Exertional dyspnoea in patients with mild-to-severe chronic obstructive pulmonary disease: neuromechanical mechanisms.

James MD; Phillips DB; Vincent SG; Abdallah SJ; Donovan AA; de-Torres JP;
Neder JA; Smith BM; Jensen D; O’Donnell DE;

Journal of Physiology. 600(18):4227-4245, 2022 Sep.VI 1

In patients with chronic obstructive pulmonary disease (COPD), exertional
dyspnoea generally arises when there is imbalance between ventilatory
demand and capacity, but the neurophysiological mechanisms are unclear.

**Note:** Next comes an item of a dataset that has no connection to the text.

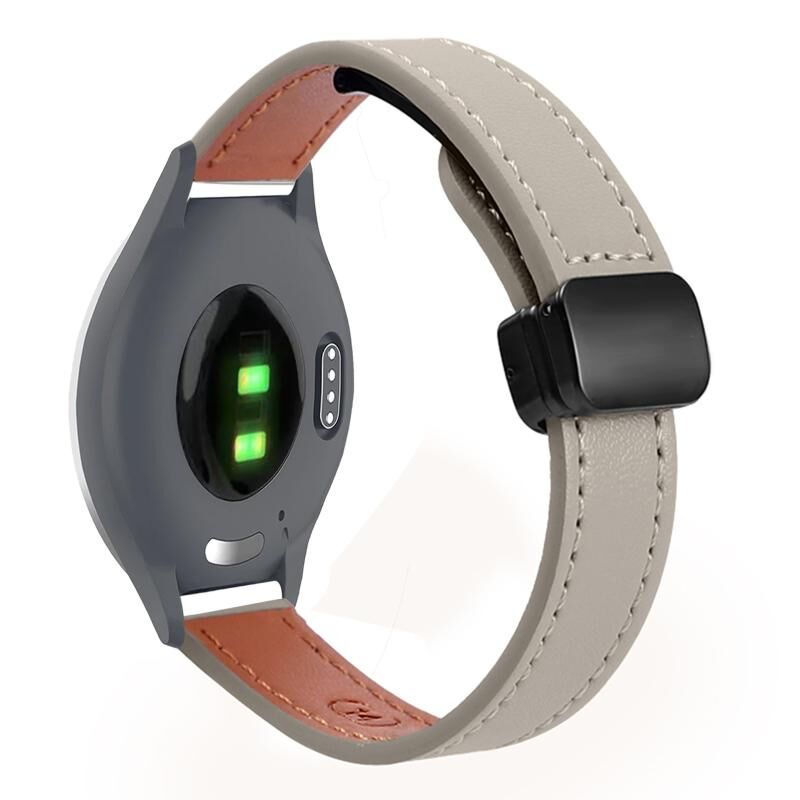 Για Garmin Active S 18mm λεπτό μαγνητικό λουράκι με αγκράφα από δέρμα μικροϊνών (Calf Elephant Gray)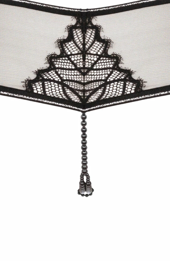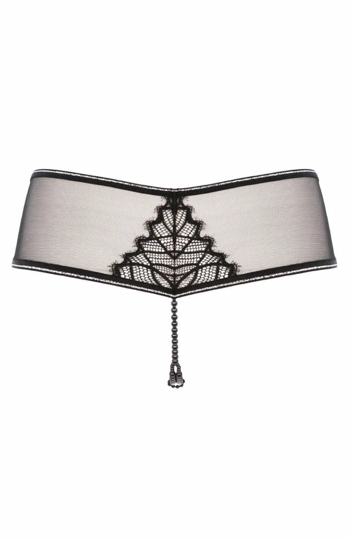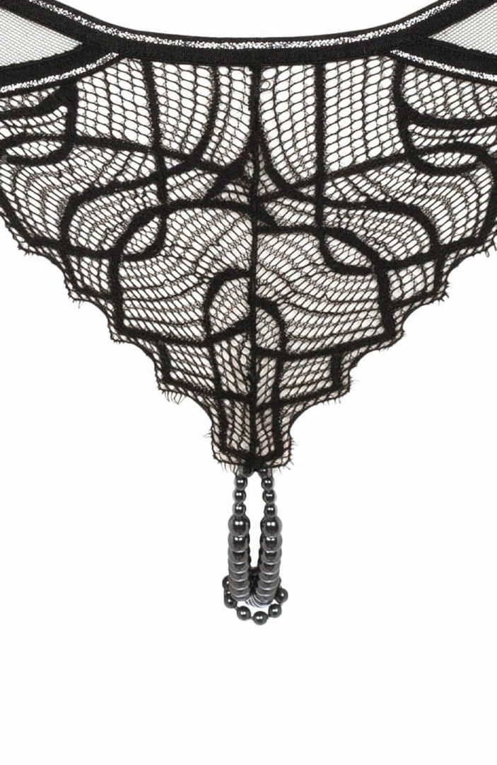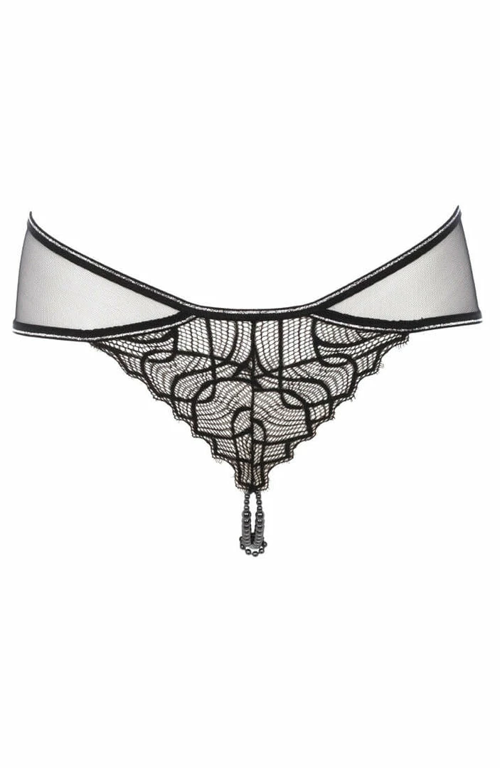 This low-waisted brief panty is made from a recycled Italian black lace with silver lurex highlights and comes with a stimulating black double pearl string.

We
therefore determined if disparity between elevated inspiratory neural
drive (IND) and tidal volume (VT ) responses (neuromechanical
dissociation) impacted dyspnoea intensity and quality during exercise,
across the COPD severity spectrum. In this two-centre, cross-sectional
observational study, 89 participants with COPD divided into tertiles of
FEV1 %predicted (Tertile 1 = FEV1 = 87 +/- 9%, Tertile 2 = 60 +/- 9%,
Tertile 3 = 32 +/- 8%) and 18 non-smoking controls, completed a
symptom-limited cardiopulmonary exercise test (CPET) with measurement of
IND by diaphragm electromyography (EMGdi (%max)). The association between
increasing dyspnoea intensity and EMGdi (%max) during CPET was strong (r =
0.730, P < 0.001) and not different between the four groups who showed
marked heterogeneity in pulmonary gas exchange and mechanical
abnormalities. Significant inspiratory constraints (tidal
volume/inspiratory capacity (VT /IC) >= 70%) and onset of neuromechanical
dissociation (EMGdi (%max):VT /IC > 0.75) occurred at progressively lower
minute ventilation ( V E ${\dot{V}}_{{\rm{E}}}$ ) from Control to Tertile
3. Lower resting IC meant earlier onset of neuromechanical dissociation,
heightened dyspnoea intensity and greater propensity (93% in Tertile 3) to
select qualitative descriptors of ‘unsatisfied inspiration’. We concluded
that, regardless of marked variation in mechanical and pulmonary gas
exchange abnormalities in our study sample, exertional dyspnoea intensity
was linked to the magnitude of EMGdi (%max). Moreover, onset of critical
inspiratory constraints and attendant neuromechanical dissociation
amplified dyspnoea intensity at higher exercise intensities. Simple
measurements of IC and breathing pattern during CPET provide useful
insights into mechanisms of dyspnoea and exercise intolerance in
individuals with COPD.

KEY POINTS: Dyspnoea during exercise is a common
and troublesome symptom reported by patients with chronic obstructive
pulmonary disease (COPD) and is linked to an elevated inspiratory neural
drive (IND). The precise mechanisms of elevated IND and dyspnoea across
the continuum of airflow obstruction severity in COPD remains unclear. The
present study sought to determine the mechanisms of elevated IND (by
diaphragm EMG, EMGdi (%max)) and dyspnoea during cardiopulmonary exercise
testing (CPET) across the continuum of COPD severity. There was a strong
association between increasing dyspnoea intensity and EMGdi (%max) during
CPET across the COPD continuum despite significant heterogeneity in
underlying pulmonary gas exchange and respiratory mechanical impairments.
Critical inspiratory constraints occurred at progressively lower
ventilation during exercise with worsening severity of COPD. This was
associated with the progressively lower resting inspiratory capacity with
worsening disease severity. Earlier critical inspiratory constraint was
associated with earlier neuromechanical dissociation and greater
likelihood of reporting the sensation of ‘unsatisfied inspiration’.